Gutierrez shared her belief that it all came down to timing, and that as the Western world was adjusting to an influx of Latino populations, the music industry was attempting to do the same. 

“You had a lot in politics… in California, there were various bills going through that were reactions to a growing population of Latinos,” said Gutierrez. 

“You have this growing power… a population you can market to, but it’s also coming at the end of what the music industry was like at that time. There were massive conglomerates taking over, but it was also right before everything went digital,” she continued

The switch to digital derailed the growing mainstream attempt at a Latin explosion, just as digital options would continue to derail and alter the norm of media consumption for years to come. 

Gutierrez, an assistant producer on It’s Been a Minute with Sam Sanders, believes the attempted Latin explosion came off as opportunistic, especially in hindsight. 

A high school student at the time “Livin’ La Vida Loca” was released, Gutierrez perceived the Latin explosion as embarrassing, and a forced media blitz.

“Even that phrase ‘Latin explosion.’ I couldn’t shake the feeling of being marketed to,” said Gutierrez in the episode. “Like someone had captured lightning in a bottle, but that bottle was market-tested and focus-grouped to death. And I wondered: who is this for?”

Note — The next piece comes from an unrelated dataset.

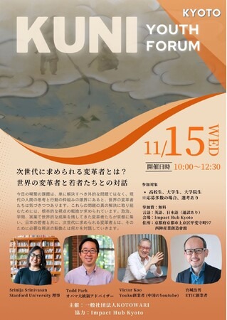 変革者の旅路は、物質的なニーズの充足から社会的課題への取り組み、それから既存の環境の革新を超えていく新たな世界の創造へと、人類自身の進化の過程を映し出しています。それは、世界に真善美という変化をもたらそうとする集団的欲求であり、変化する世界からの要求に応え、成長し、その中でさらに深い意味を追求していこうとする、人間の本質の顕れであります。私たち一般社団法人KOTOWARIは「KUNI Youth Forum Kyoto」の開催を通して、この本質の表顕に寄与したいと願っています。

Gutierrez says it was difficult to unpack the negative feelings she had for the Latin explosion, and cited the moment as an indicator of “waning importance” of the crossover.

She related this to an occurrence in Latino communities and families, a feeling of having to make yourself palatable to white, Anglo, English-speaking audiences.

“That is something people experience in their own lives and their own homes,” said Gutierrez.

Meeting the ‘bottom line’

The Latin explosion was influenced by mainstream music’s “bottom line”: a focus on maximizing consumer interest in a product, but radio gatekeeping, and designated power bestowed upon record labels, has since disappeared.

“When you think of ‘bottom line,’ the bottom line is just bigger [today], and no one’s in charge of it anymore,” said Sanders. “The bottom line is just all of the levers and mechanisms used to control access… they are going away.”

One major contributor to the Latin explosion’s underlying flaws is that Latino people come from varied backgrounds, have different experiences and different wants and needs.

“All I need is my smartphone to find whatever I need, whatever I want… I don’t need any executive to tell me what I want,” said Sanders.

Today, Latin populations do not need record executives attempting to pinpoint what interests them. It’s all out in the open, and available to anyone with internet access.

Regardless of the Latin explosion’s attempts, Latin populations have no need to question what they listen to. Instead, like many people, these populations are confident in the culture and media they enjoy, and the culture has been growing since.

The Latin explosion episode of It’s Been a Minute with Sam Sanders is available now.